Желание мира склоняло ее к смертному рождению.

Один, пред незапамятным вопросом,

Главный герой мистической пьесы,

В которой Неизвестное преследует себя через формы,

Часами ограняя вечность,

А та слепая Пустота сражается, чтобы жить и видеть

Мыслитель и работник в атмосфере идеала,

Низвел к земле нужду слепую ее силы лучезарной.

И дух его, снизошел из более обширных сфер,

В нашу область эфемерного зрения,

Колонист из бессмертия.

Луч указующий, на неуверенных дорогах земли,

Его рождение хранило в себе знак и символ;

Его человеческая суть – как плащ прозрачный,

Покрыл Все-Мудрого, который ведет этот невидящий мир.

Неотделимый от космического Пространства и Времени,

Платящий здесь по долгам Бога земле и человеку,

Родство более великое было его божественным правом.

Хотя и соглашаясь с невежеством смертным,

Его знание было частью того Света несказанного.

Сила первозданной Вечности,

Вплетенная в миг и его течение,

Хранил он вИдение тех Просторов, что остались позади:

Была в нем мощь Непостижимого.

Архивариус символов Запредельного,

Казначей сверхчеловеческих грез,

Он нес штамп воспоминаний могучих,

И проливал их грандиозный луч на человеческую жизнь.

Его дни были долгим ростом к Всевышнему.

Небесное существо питается от тех корней,

Субстанцией из оккультных духовных истоков,

Взбирался на белых лучах, чтобы встретить незримое Солнце.

Его душа жила как вечности посланник,

И ум его был подобен пламени, атакующим небеса,

Его воля – охотник, идущий по следу света.

Импульсом океана (жизни) наполнялся каждый вдох;

Каждое действие оставляло отпечаток стоп бога,

Мгновение каждое было ударом мощных крыльев.

Набросок малый нашей смертности

Прикосновением этого обитателя высот становился

Площадкой для игр живой Бесконечности.

Это телесное проявление – еще не все;

Обманывает форма, личность – только маска;

Скрытые глубоко в человеке небесные силы могут обитать.

Его хрупкий корабль несет сквозь море лет

Нетленного инкогнито.

Тот дух, что проявлен как пламя Бога,

Часть огненная того Чудесного,

Артист своей собственной красы и восторга,

Бессмертный в нашей смертной нищете.

Это скульптор форм бесконечности,

Это скрытый, нераспознанный обитатель,

Посвящает в свои собственные мистерии скрытые,

Таит в малом, безгласном зерне свою космическую мысль.

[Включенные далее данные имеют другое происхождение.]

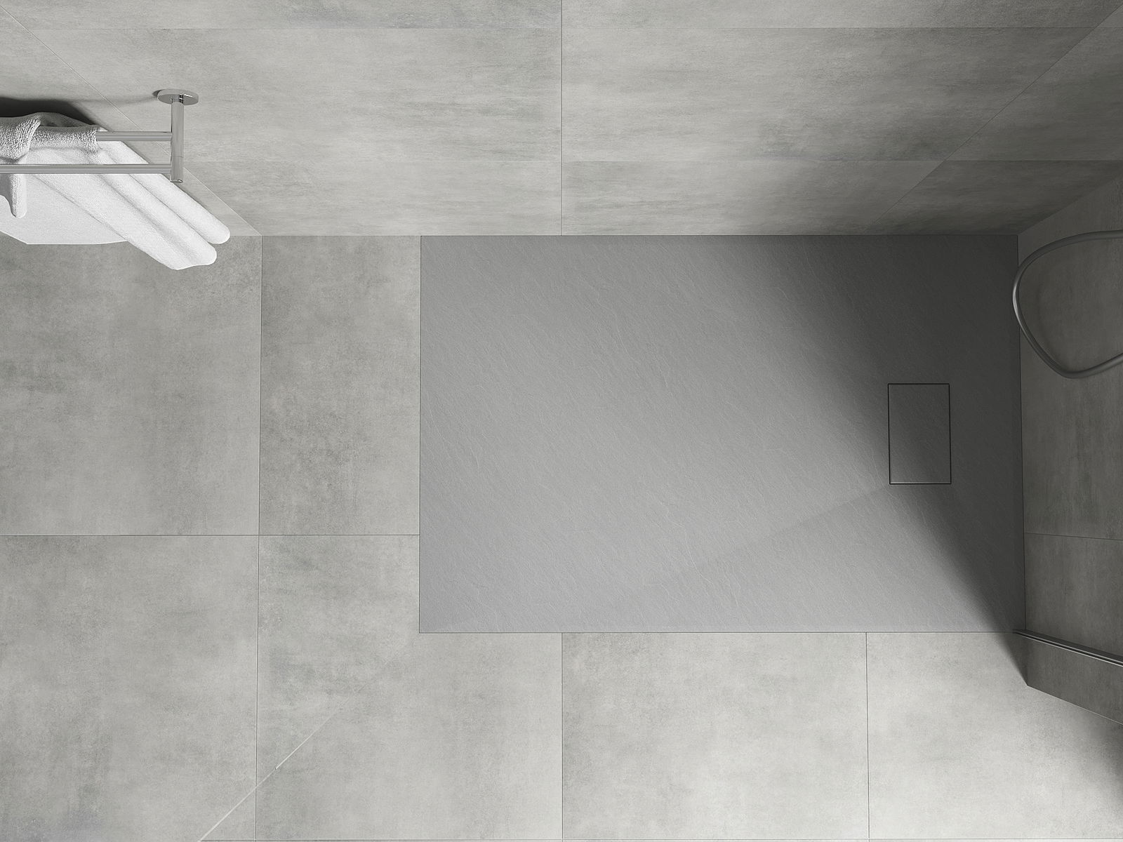 La surface du receveur de douche rappelle par sa structure la pierre. Elle constitue une combinaison exceptionnelle d'un aspect naturel et d'un aménagement intérieur moderne. Elle ajoute du caractère, souligne l'esthétique et l'élégance de la décoration de la salle de bains et séduit par sa forme.
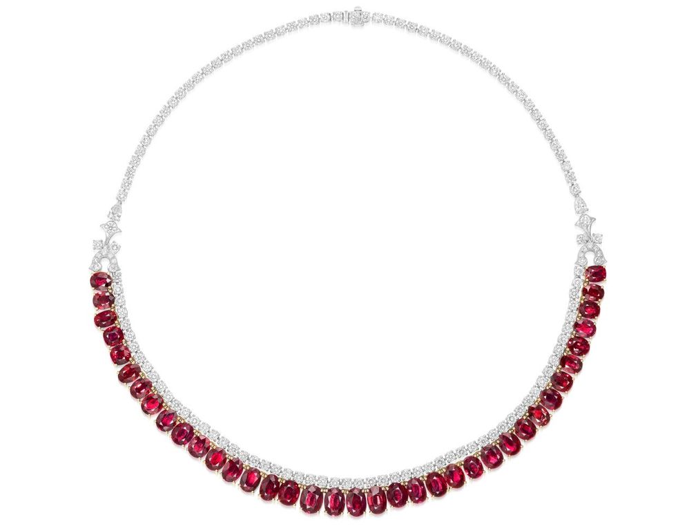 Колье содержит 37 градуированных овальных и формы кушон бирманских рубинов общей массой около 40,35 карата, подвешенных на одной линии бриллиантов круглой и грушевидной огранок. Его стоимость составила $ 178 816, что чуть ниже минимальной оценки в $ 180 000.
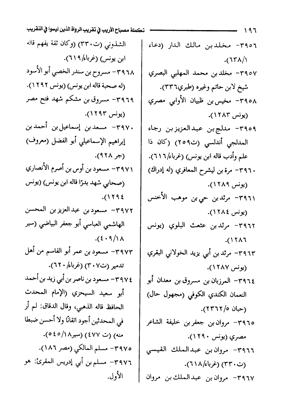 كتاب مصباح الأريب في تقريب الرواة الذين ليسوا في تقريب التهذيب (اسم الجزء: 4)
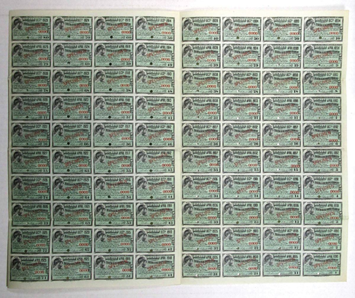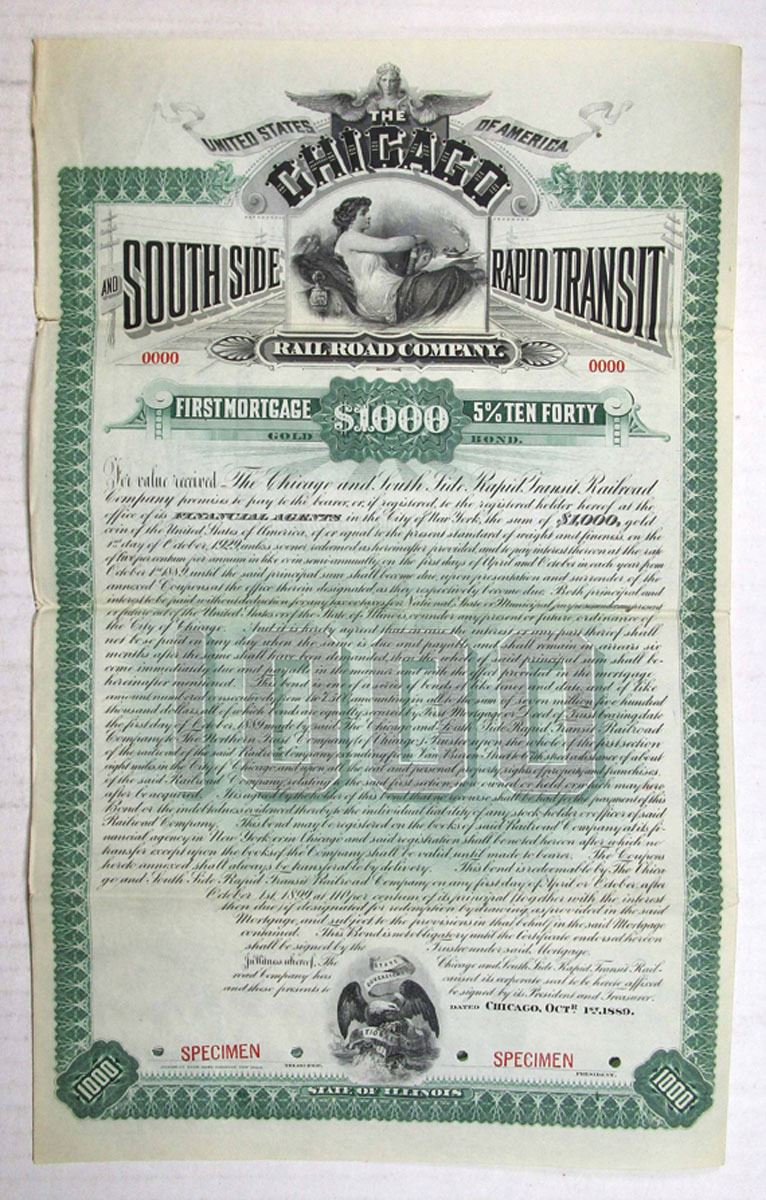 Illinois, 1899. $1000 Specimen 5% First Mortgage Gold Coupon Bond, Black printing with green border and underprint, Allegorical woman reclining at top, Specimen overprints and POCs, VF-XF. ABNC. Only 2 examples found in the ABN Archives in 2002, no others available.

В беззвучной силу оккультной Идеи,

Определяющей предназначенные форму и действие,

Пассажир из жизни в жизнь, из одного измерения в другое,

Меняет свой образ себя, от формы к форме.

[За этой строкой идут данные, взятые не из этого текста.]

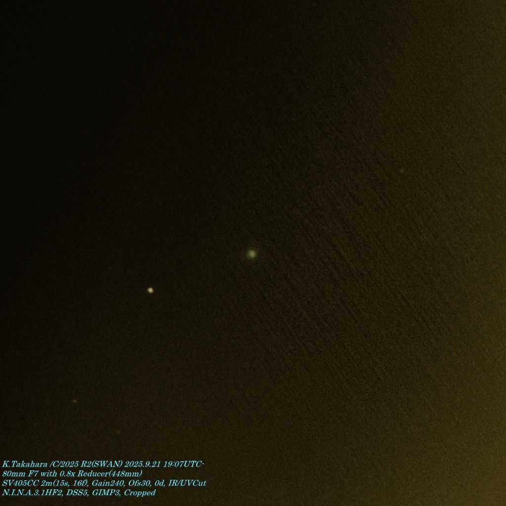 天候に恵まれず(最近、こればっかし)、悶々としておりましたが、なんだか南の方は夕方晴れ間が来そうです。んじゃ、行ってみるしかないねぇ。というわけで野母崎までひとっ走り。途中、一件、お使いをこなした後、初めての海岸へ行ってみました。なかなかいいロケーションだけど、ちょっと西側に出ている岬が被るかもね。駐車場の一番奥の端っこに機材を出してみます。今日は宵の高度が低い彗星だから極軸は合わせてるヒマがないなぁ。というわけで、GPSでだいたいの北を出して、そっちに向けて設置。ステラリウムでアークトゥルスを導入。どれどれ?おー!ファインダーに入ってるじゃないですか!さすがおれ!(いや、たまたまっス)カメラの一次冷却をしながら主鏡で撮像してみると、背景が明るくて画面がぶっとんでる。笑。0.005sぐらいでなんとか恒星が見えるようになった。センタリングして同期。んー、同期したんかなぁ?どうもあやしい。ま、ヨシ。次は火星。これも写野に入ってきた。見つけるのはかなり難しいけど。センタリングして同期。どうも導入のときにステラリウムのターゲットがヒューーーンと移動してこないのが、すごく気がかり。いつからだろ?ワープしてる感じがあるわ。ま、いっか。本日のターゲットである、SWAN25B、改め、C/2025 R2(SWAN)を導入。いやあ、背景が明るいわ。雲もあるしねぇ。。。とりあえず0.5sで撮像開始。ようやく15sぐらいになったところで、かなり低空の雲がジャマになってきたけど、まあ撮れました。あわよくば、K1 ATLASとのランデブーを撮ろうか、とも思ってたけど、こりゃ無理だわ。撮影中に辺りを見回すと、後ろに明るい街灯が。。。まあ、西を撮る分にはいいけど、ちょっと明るいなぁ。少し手前にあった道路わきの方がよかったかしらん。まあ、今日は移動できないけど。帰りにロケハンしていこうっと。というわけで、C/2025R2(SWAN)です。・・・いや、さみしい写りですねぇ。。。まあ、来月が本番ですから。さて、せっかく晴れているから、これまで天候に恵まれなかった3I-ATLASを撮ってみます。だいぶ暗くなってるみたいだけど。おっと、その前に、せっかく空が暗くなったんだから、極軸をTPPAで出して、ガイダーのキャリブレーションをば。。。3I-ATLAS。こんな感じでした。帰宅して、X見てたら、Michael Jagerさんが「Lemmonが10月に化けるかも」とポストしていた。んー、んじゃ、夕飯食べたら、もう一回ヤマにでも行くか、と思いながら、夕飯の皿うどんをパクパク。おいしいねぇ!さて、食後の一服じゃ。外に出てみると、一面の曇天。あー、こりゃ今夜はダメだなぁ。また次回ということで。。。
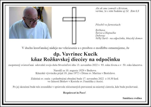 Rožňava 15. novembra (TK KBS) V 93. roku života a v 50. roku kňazstva zomrel kňaz Rožňavskej diecézy na odpočinku Vavrinec Kucik. Zádušná svätá omša s pohrebnými obradmi bude vo štvrtok 17. novembra 2022 o 10:30 vo farnosti Brehov v Kostole sv. Františka z Assisi. Po jej skončení bude telo zosnulého v sprievode prítomných prevezené na miestny cintorín, kde bude pochované.
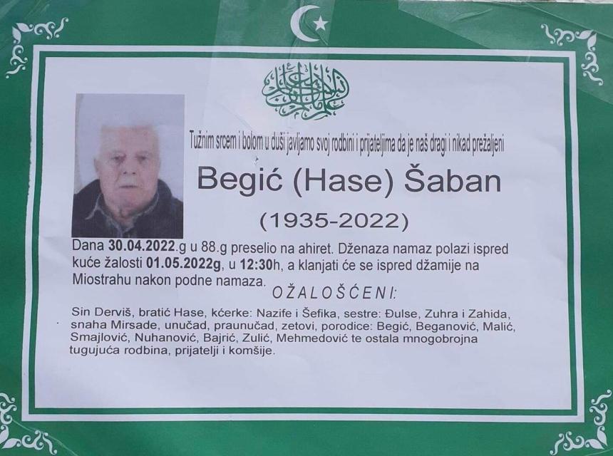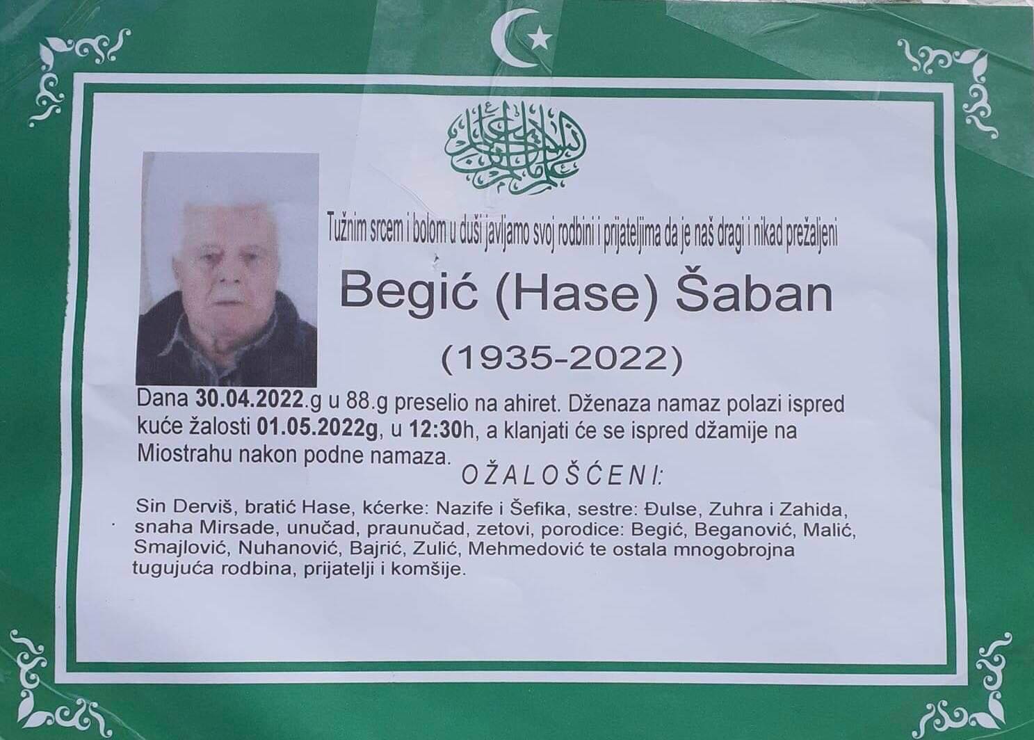 Tužnog srca i s bolom u duši obavještavamo rodbinu, komšije i prijatelje da je naš dragi Begić (Hase) Šaban, dana 30.04.2022. godine u 88-oj godini života, preselio na Ahiret.

Он поклоняется иконе, растущей от его собственного взора,

В черве предвидит будущего бога.

И наконец, тот странник на дорогах Времени

К границам вечности подходит.

Одетый в преходящий символ человечности,

Он ощущает свою суть, бессмертное «Я»,

Свое родство со смертностью теряет.

Пульс Вечного стучится в его сердце,

Его мысль простирается в бесконечность

Все в нем обращается к духовным просторам.

Его душа прорывается, чтобы воссоединиться со Сверхдушой.

А его жизни впадает в океан сверхжизни.

И пьет он из грудей Матери миров;

Сверхприрода непревзойденная его наполняет,

Она принимает вечно сущую основу его духа,

Как защиту для своего изменчивого мира,

И формует фигуры своих нерожденных могуществ.

В нем, она задумывает себя бессмертной,

В том созидании, в свете истинном Художница творит;

Ее лик видим через его лицо, ее глаза – через его;

Ее существо становится его через обширную идентичность.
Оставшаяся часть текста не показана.